The original CoT paper used human evaluators to check the logic, so I’m guessing OpenAI did the same thing. Regardless of whether the evaluation was automated or done by humans, it’s not clear whether the evaluation rubric instructed the evaluators to penalize bad reasoning even when the conclusion was correct, and how much these penalties were weighted relative to the penalty for an incorrect conclusion. I suspect the RL model is primarily reinforcing the conclusions rather than the arguments themselves, whereas a proper reward signal should be over the entire inferential chain. In fact, the inferential chain is really all that matters, because the conclusion is simply a step that accepts or rejects some equality condition between the question posed.
Another issue is that a lot of o1’s thoughts consist of vagaries like “reviewing the details” or “considering the implementation”, and it’s not clear how to even determine if these steps are inferentially valid.
If you’re referring to the chain of thought summaries you see when you select the o1-preview model in chatgpt, those are not the full chain of thought. Examples of the actual chain-of-thought can be found on the learning to reason with LLMs page with a few more examples in the o1 system card. Note that we are going off of OpenAI’s word that these chain of thought examples are representative—if you try to figure out what actual reasoning o1 used to come to a conclusion you will run into the good old “Your request was flagged as potentially violating our usage policy.
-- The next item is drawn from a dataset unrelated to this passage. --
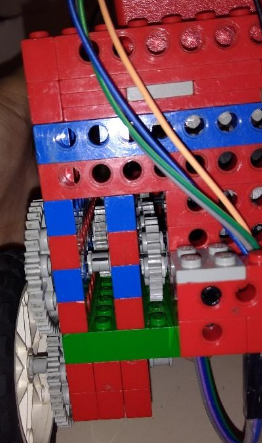 Optou-se pela construção de um robô com 2 rodas simples (tratoras) e uma omnidirecional (conduzida) – número mínimo de pontos de apoio para estabilizar o robô – pelas seguintes vantagens: manobrabilidade e controlabilidade. Os sensores e LED foram posicionados na parte frontal do robô e numa altura máxima que permitisse a reflexão de luz (no caso do LDR) e de infravermelho (no caso do sensor óptico) abrangendo a maior área possível dos blocos.

Please try again with a different prompt.”
If you distrust OA’s selection, it seems like o1 is occasionally leaking the chains of thought: https://www.reddit.com/r/OpenAI/comments/1fxa6d6/two_purported_instances_of_o1preview_and_o1mini/ So you can cross-reference those to see if OA’s choices seem censored somehow, and also just look at those as additional data.
It’s also noteworthy that people are reporting that there seem like there are other blatant confabulations in the o1 chains, much more so than simply making up a plausible URL, based on the summaries: https://www.reddit.com/r/PromptEngineering/comments/1fj6h13/hallucinations_in_o1preview_reasoning/ Stuff which makes no sense in context and just comes out of nowhere. (And since confabulation seems to be pretty minimal in summarization tasks these days—when I find issues in summaries, it’s usually omitting important stuff rather than making up wildly spurious stuff—I expect those confabulations were not introduced by the summarizer, but were indeed present in the original chain as summarized.)